• WANTED: Happy members who like to discuss audio and other topics related to our interest. Desire to learn and share knowledge of science required. There are many reviews of audio hardware and expert members to help answer your questions. Click here to have your audio equipment measured for free!

Text to Image AI Generation

amirm

Founder/Admin
Staff Member
CFO (Chief Fun Officer)
Joined
Feb 13, 2016
Messages
45,751
Likes
254,500
Location
Seattle Area
I upgraded to new version of Explorer on Windows and as part of its Copilot (Microsoft AI) advertising, it showed me this:

Bing Copilot.jpg


I think that is an awful example. First, I don't see "F1.4" image look and feel. That would have super shallow depth of field which those images don't have. 3 out 4 also look pretty ordinary when one imagines what the suit would look like in year 2230. They seem like portraits glued onto astronaut suits of today.

So I did some searching to find free online AI image generators. Most want money or registration which i avoided. Fortunately I have an Adobe account and this is what theirs generates:

Adobe AI Image Generation.jpg

It is kind of similar in background to Microsoft's but the images are so much more attractive.
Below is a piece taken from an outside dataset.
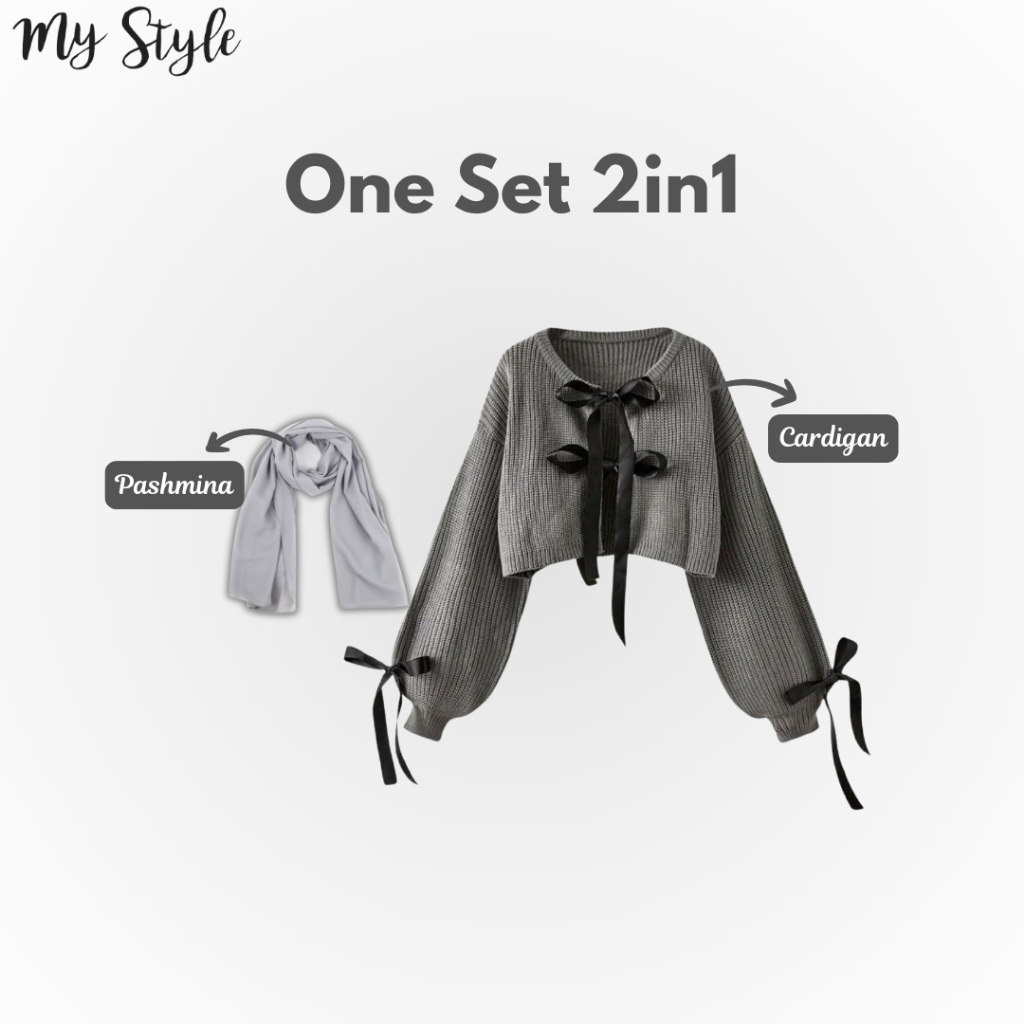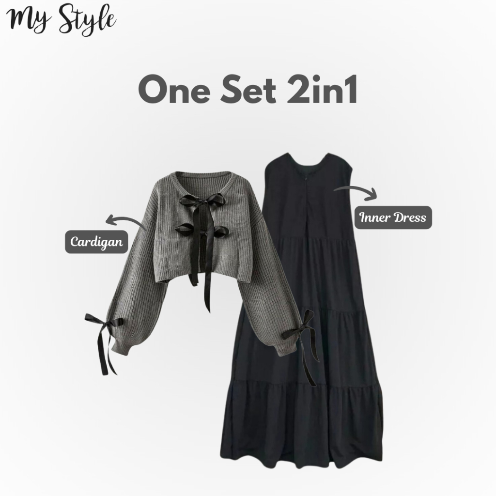One Set Korean Style 3in1 / Inner Dress + Cardigan + Pashmina / Ouit Hijab OOTD Kekinian / Fashion Casual Remaja Wanita

Next I found a site called Kola.sh which I think uses Stable Diffusion:
Kola sh.jpg


Nice! That camera with two lenses seems 1970s rather than 2230 but again, we have a proper, sharp images rather the bland stuff from Microsoft.

I then decided to go to Stable Diffusion's own site and got this:
Stable Diffusion Own Site Image 1.jpg

Ah, now we see something that could be proper "F1.4" exposure. The camera now while still dorky looking, doesn't seem like it is from last century. The head though, seems to stick way above the front globe so not convincing that way. But otherwise, it is a very proper picture compared to what Microsoft showed.

What amazes me is that someone in Microsoft development/marketing thought that that was a proper demo. It certainly was a turn off for me.

Searching online for "Futuristic Astronaut Suit" showed this much more believable image uploaded by someone:

futuristic_space_suit_by_pickgameru_dfwzxoe-pre.jpg

Compared to something like this, all the engines failed miserably.

What do you think?
 
If you are enjoying testing these GenerativeAI platforms, you should try Midjourney and Dall-E2. They are widely used by designers and architects, even though they are mainly able to generate 2D images at this stage, without understanding complex spatial relationships and contexts.

Apart from the fascination of generating images from textual prompts, I find these tools of little use in my practice. We published research on AI in design in the last three years, and our aim was to go back to the original scope of this research field, that is, Computer-Aided Design. One wants a design partner to interact with and co-design with. These tools are unable to do that. We achieved better results by using AI models that simulate mechanisms of a human designer cognition. In particular, design expertise (knowledge of precedents), playfulness (exploring without boundaries), and analogical reasoning (transferring knowledge from one domain to another).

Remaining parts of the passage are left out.